▶ Work to be completed
Look for the word "with" in the material below, then report each line where it occurs.

▶ Records
-- Opening Marker --

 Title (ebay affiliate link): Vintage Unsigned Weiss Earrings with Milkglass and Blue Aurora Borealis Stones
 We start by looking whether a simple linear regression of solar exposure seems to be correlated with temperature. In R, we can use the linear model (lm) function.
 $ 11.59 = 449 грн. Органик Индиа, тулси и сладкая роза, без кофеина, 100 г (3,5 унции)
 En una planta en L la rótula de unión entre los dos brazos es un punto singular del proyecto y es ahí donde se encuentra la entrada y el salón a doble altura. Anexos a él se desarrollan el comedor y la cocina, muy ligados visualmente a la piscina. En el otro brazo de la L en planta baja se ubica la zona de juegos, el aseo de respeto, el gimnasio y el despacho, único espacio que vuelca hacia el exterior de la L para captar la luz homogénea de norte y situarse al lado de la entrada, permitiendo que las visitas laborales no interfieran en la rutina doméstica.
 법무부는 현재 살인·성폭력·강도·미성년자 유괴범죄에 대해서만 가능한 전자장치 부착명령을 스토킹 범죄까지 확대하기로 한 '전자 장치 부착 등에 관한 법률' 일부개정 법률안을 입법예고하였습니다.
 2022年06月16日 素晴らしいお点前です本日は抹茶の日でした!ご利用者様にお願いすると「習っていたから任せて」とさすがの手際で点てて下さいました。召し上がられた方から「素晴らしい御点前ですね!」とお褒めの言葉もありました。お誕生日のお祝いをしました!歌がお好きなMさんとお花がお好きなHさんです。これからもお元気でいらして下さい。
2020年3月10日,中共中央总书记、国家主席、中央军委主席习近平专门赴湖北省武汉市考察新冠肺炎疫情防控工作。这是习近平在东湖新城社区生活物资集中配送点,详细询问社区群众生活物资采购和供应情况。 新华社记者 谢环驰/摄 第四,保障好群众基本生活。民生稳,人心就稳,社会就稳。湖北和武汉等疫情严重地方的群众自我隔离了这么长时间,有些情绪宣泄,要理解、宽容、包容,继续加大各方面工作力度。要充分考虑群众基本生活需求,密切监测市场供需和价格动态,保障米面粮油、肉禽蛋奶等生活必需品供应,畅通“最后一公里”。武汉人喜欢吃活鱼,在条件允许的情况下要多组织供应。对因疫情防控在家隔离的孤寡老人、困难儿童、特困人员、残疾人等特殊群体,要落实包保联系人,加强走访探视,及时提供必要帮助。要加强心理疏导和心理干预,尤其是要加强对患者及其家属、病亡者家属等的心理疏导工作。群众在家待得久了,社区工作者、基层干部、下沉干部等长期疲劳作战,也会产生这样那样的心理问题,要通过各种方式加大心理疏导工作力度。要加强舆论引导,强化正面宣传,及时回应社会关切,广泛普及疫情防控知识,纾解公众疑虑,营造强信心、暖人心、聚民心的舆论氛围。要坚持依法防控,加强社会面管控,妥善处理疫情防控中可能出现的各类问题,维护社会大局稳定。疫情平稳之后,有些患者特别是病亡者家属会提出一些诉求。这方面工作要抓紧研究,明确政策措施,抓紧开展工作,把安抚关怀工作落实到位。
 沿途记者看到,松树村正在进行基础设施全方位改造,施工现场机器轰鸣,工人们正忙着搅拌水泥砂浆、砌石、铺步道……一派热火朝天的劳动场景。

-- Closing Marker --

▶ Answer below
 Title (ebay affiliate link): Vintage Unsigned Weiss Earrings with Milkglass and Blue Aurora Borealis Stones
 We start by looking whether a simple linear regression of solar exposure seems to be correlated with temperature. In R, we can use the linear model (lm) function.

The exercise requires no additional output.